# What needs to be done
Wherever the string "Projeto" appears in the records, return the line that holds it.

____

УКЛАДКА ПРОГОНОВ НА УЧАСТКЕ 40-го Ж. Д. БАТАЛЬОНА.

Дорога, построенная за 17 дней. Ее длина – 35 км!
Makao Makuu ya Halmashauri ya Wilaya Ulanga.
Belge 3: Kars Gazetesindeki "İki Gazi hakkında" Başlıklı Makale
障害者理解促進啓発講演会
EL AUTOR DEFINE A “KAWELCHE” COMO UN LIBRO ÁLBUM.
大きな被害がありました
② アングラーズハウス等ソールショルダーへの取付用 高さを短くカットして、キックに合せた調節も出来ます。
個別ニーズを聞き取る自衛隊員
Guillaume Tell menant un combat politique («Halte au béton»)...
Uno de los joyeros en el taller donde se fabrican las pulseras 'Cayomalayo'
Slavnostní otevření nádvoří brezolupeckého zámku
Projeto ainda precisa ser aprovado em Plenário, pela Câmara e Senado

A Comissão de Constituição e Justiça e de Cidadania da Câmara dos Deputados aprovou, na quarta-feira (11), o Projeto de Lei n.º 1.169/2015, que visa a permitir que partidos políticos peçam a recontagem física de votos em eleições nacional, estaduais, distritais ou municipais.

____

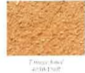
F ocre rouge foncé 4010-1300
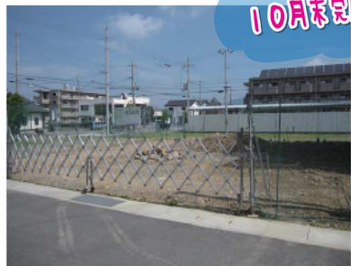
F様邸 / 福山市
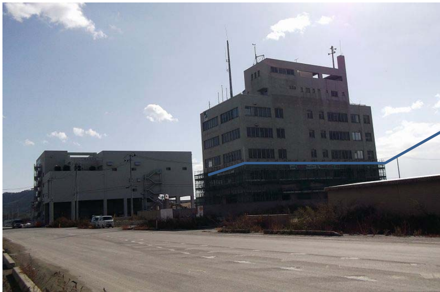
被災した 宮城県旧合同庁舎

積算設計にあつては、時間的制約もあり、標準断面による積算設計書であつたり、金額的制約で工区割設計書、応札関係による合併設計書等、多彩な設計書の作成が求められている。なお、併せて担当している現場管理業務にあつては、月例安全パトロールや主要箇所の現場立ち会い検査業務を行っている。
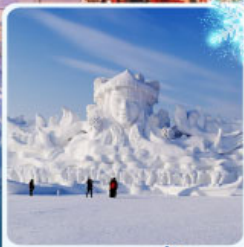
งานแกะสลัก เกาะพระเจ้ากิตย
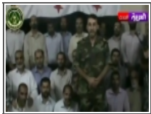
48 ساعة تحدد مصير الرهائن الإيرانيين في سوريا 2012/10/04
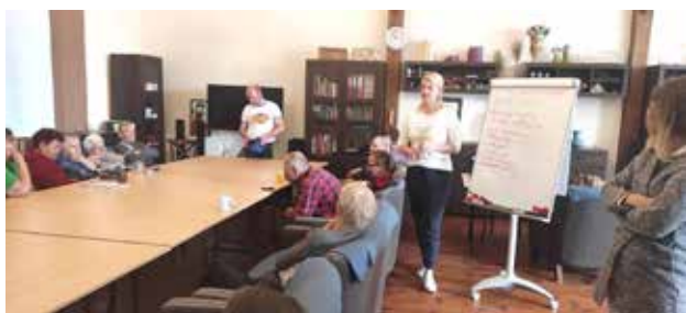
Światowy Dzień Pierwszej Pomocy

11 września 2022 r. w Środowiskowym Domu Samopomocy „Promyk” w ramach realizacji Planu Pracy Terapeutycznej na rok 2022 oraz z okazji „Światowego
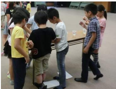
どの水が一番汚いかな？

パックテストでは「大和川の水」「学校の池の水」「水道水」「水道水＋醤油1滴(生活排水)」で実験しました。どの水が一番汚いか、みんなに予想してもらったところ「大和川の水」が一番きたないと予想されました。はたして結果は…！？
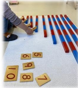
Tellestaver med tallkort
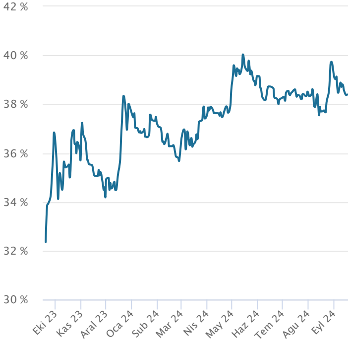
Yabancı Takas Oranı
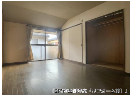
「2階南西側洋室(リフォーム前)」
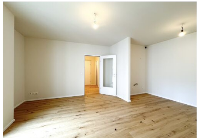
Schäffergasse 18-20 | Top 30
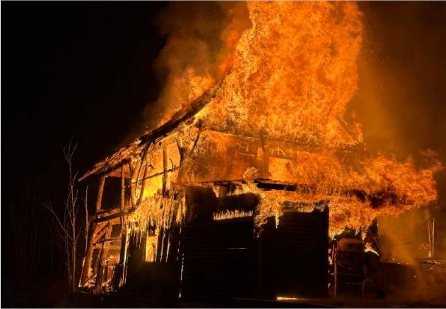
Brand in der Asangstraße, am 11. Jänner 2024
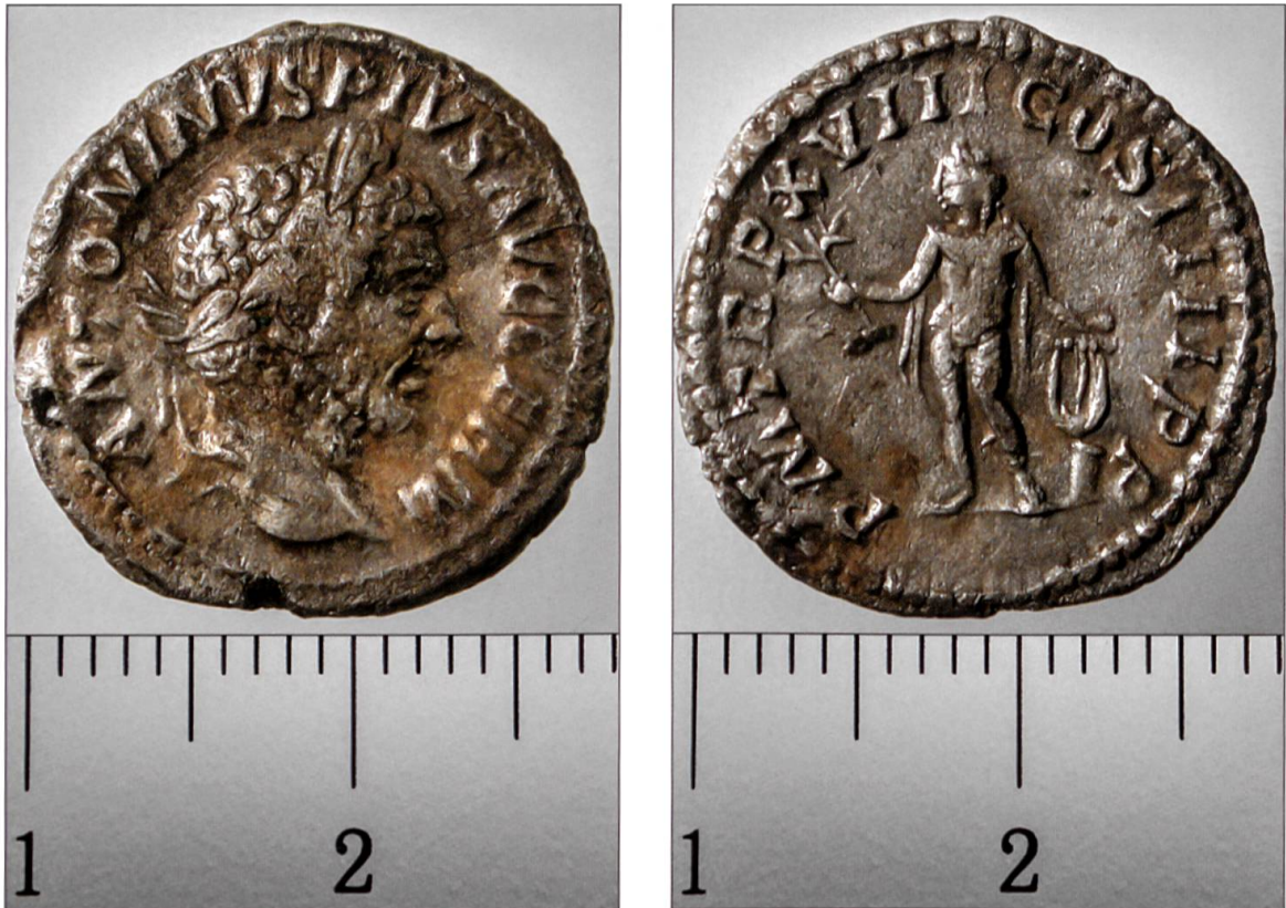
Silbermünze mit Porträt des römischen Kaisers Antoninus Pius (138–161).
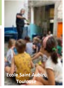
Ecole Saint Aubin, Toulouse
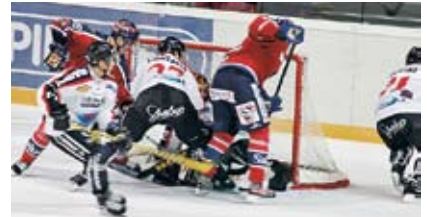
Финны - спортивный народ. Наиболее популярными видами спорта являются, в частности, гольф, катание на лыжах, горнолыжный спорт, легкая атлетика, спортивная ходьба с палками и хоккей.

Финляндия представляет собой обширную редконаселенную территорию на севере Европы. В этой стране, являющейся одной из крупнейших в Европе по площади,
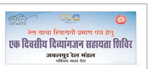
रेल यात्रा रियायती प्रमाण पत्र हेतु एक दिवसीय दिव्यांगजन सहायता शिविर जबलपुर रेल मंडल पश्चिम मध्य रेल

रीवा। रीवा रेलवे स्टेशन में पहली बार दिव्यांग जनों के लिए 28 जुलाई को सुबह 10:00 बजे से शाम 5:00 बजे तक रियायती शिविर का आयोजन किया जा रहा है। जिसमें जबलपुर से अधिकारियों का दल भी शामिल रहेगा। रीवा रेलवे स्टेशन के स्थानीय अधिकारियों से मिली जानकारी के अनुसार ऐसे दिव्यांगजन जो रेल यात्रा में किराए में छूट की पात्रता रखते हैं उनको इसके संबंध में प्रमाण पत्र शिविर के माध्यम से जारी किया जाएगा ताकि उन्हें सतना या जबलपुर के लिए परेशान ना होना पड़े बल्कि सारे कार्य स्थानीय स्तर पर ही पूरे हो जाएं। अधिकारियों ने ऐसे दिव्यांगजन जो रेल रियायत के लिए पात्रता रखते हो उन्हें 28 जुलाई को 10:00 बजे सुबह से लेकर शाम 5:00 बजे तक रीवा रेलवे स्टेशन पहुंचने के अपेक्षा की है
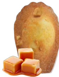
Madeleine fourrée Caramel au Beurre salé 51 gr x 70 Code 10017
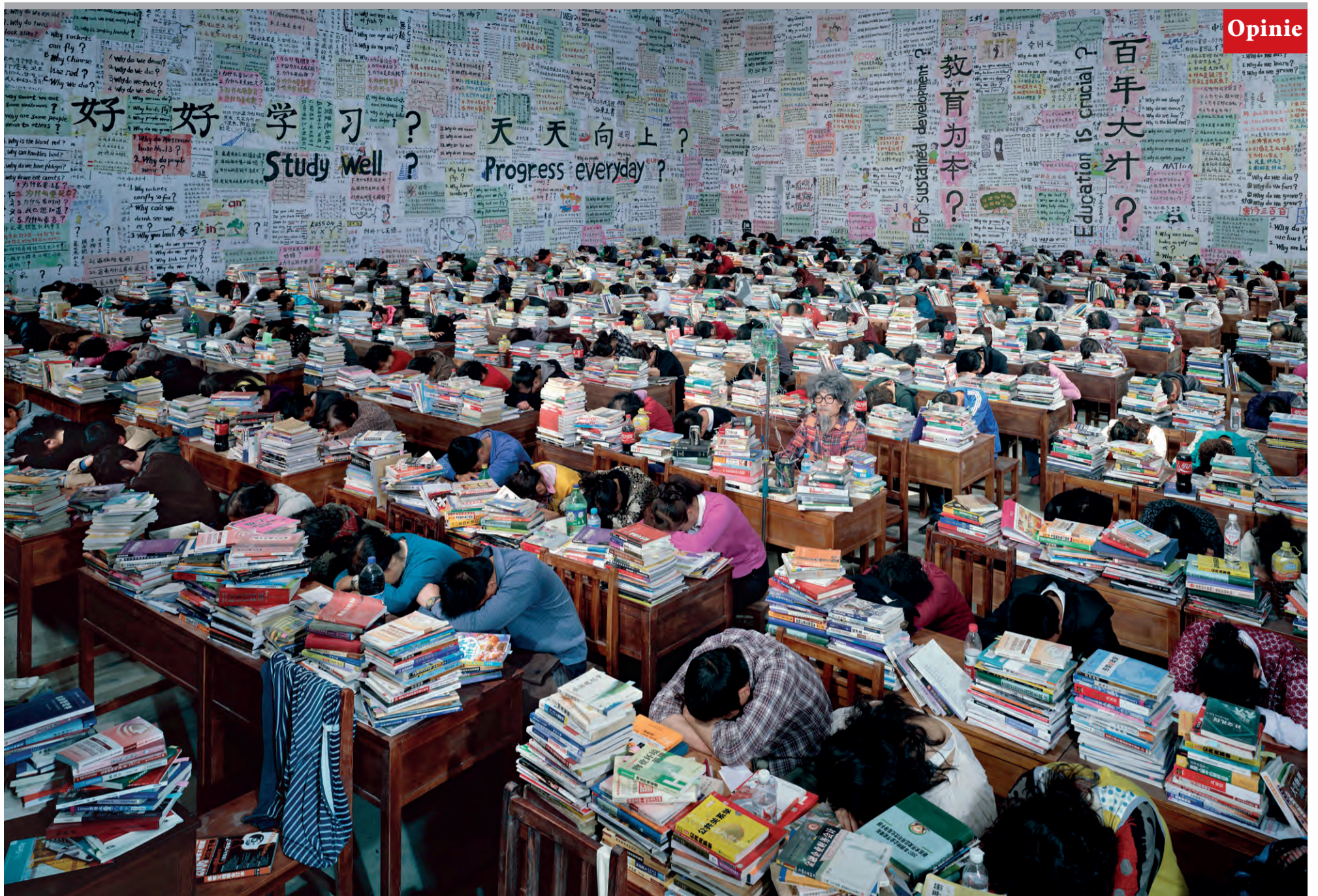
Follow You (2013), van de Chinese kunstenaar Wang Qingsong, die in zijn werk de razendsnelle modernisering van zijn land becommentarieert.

____

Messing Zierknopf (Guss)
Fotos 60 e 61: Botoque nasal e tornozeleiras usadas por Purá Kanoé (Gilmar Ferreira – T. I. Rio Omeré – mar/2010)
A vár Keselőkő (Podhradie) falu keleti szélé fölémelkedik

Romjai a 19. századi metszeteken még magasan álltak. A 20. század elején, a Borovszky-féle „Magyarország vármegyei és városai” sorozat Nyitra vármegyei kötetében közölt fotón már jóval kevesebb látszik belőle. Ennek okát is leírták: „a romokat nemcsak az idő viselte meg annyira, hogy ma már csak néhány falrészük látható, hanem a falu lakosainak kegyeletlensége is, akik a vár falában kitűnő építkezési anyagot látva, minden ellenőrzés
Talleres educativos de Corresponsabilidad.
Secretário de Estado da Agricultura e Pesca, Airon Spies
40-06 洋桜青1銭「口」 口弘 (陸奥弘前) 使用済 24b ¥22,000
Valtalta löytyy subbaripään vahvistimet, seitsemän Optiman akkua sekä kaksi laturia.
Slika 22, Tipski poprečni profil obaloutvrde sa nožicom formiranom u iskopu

____

# Output
Projeto ainda precisa ser aprovado em Plenário, pela Câmara e Senado
A Comissão de Constituição e Justiça e de Cidadania da Câmara dos Deputados aprovou, na quarta-feira (11), o Projeto de Lei n.º 1.169/2015, que visa a permitir que partidos políticos peçam a recontagem física de votos em eleições nacional, estaduais, distritais ou municipais.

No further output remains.